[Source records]
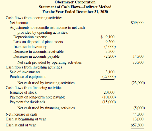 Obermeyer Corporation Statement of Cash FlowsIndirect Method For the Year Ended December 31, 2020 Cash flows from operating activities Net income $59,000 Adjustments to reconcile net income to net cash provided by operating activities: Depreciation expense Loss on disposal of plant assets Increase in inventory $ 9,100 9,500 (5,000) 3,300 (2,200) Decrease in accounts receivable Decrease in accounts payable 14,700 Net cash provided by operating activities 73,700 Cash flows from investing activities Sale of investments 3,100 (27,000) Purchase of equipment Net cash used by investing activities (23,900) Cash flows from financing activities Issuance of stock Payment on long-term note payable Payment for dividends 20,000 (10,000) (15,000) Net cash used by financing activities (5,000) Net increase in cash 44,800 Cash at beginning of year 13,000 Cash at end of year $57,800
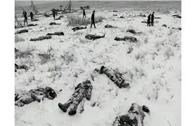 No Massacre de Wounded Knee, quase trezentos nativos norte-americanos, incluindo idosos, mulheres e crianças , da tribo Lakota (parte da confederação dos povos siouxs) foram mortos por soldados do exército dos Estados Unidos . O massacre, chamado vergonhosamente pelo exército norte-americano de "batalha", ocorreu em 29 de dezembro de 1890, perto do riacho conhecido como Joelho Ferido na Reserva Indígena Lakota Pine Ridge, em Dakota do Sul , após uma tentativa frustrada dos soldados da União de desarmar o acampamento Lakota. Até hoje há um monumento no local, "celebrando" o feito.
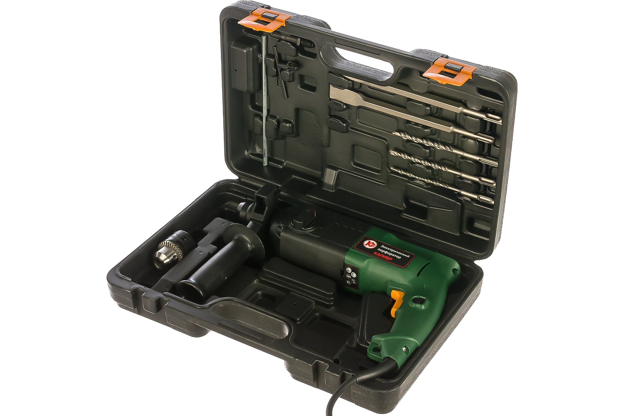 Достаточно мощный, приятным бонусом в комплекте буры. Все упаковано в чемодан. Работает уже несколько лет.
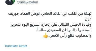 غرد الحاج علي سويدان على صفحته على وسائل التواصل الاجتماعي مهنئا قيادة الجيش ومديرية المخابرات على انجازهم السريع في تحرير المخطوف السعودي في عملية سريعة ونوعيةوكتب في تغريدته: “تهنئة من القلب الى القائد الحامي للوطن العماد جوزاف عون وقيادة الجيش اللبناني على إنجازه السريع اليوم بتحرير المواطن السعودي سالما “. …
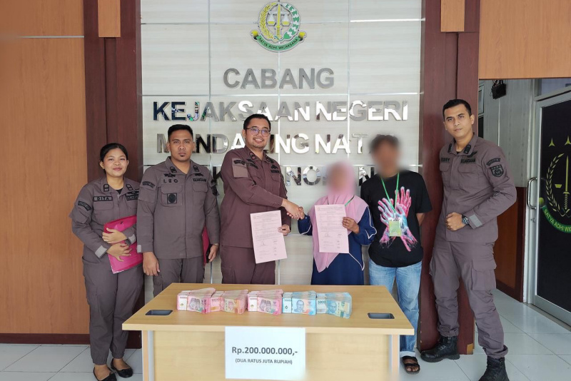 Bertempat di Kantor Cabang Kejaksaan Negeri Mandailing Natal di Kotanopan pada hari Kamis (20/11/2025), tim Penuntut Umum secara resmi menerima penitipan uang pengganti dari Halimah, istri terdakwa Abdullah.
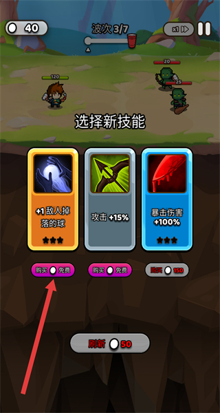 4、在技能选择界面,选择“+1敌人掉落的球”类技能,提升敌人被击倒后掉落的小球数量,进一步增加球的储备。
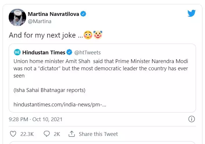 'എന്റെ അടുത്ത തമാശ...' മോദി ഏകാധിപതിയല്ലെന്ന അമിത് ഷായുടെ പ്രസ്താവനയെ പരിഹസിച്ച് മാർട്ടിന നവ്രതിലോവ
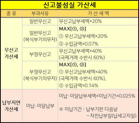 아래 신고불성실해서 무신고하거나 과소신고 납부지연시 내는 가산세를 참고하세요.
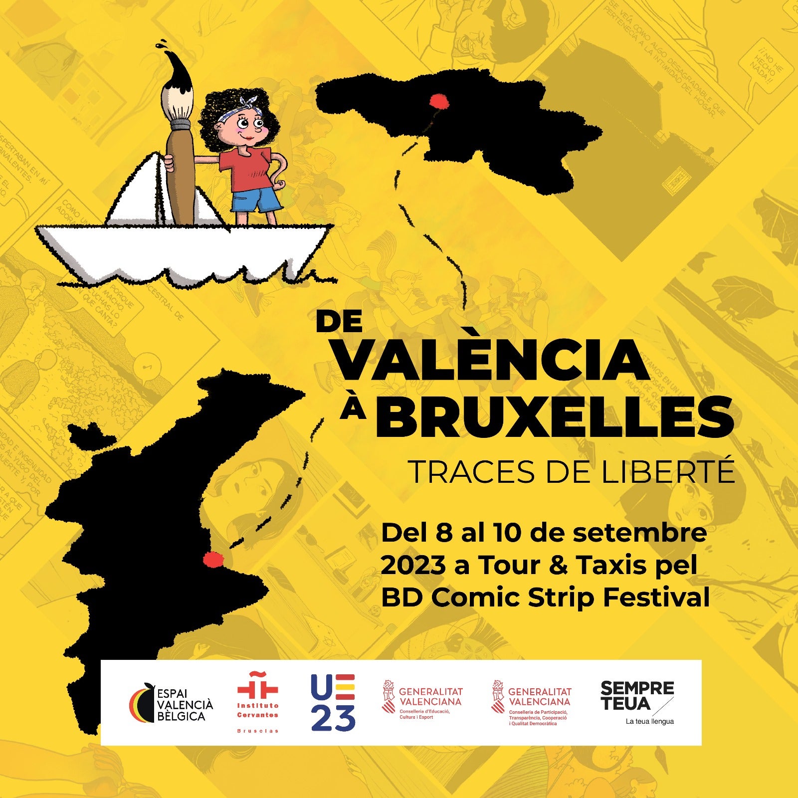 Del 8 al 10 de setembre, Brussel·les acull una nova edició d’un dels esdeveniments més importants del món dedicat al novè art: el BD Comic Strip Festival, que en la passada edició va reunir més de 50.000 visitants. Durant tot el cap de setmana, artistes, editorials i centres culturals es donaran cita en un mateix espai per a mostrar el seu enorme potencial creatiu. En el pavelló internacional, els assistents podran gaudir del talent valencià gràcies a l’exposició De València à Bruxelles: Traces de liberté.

### [Exercise]
Your copy should hold exactly the lines from the one with "아래 신고불성실해서 무신고하거나 과소신고 납부지연시 내는 가산세를 참고하세요." through the end of the records, both included, and no pictures.

### [Solved problem]
 아래 신고불성실해서 무신고하거나 과소신고 납부지연시 내는 가산세를 참고하세요.
 Del 8 al 10 de setembre, Brussel·les acull una nova edició d’un dels esdeveniments més importants del món dedicat al novè art: el BD Comic Strip Festival, que en la passada edició va reunir més de 50.000 visitants. Durant tot el cap de setmana, artistes, editorials i centres culturals es donaran cita en un mateix espai per a mostrar el seu enorme potencial creatiu. En el pavelló internacional, els assistents podran gaudir del talent valencià gràcies a l’exposició De València à Bruxelles: Traces de liberté.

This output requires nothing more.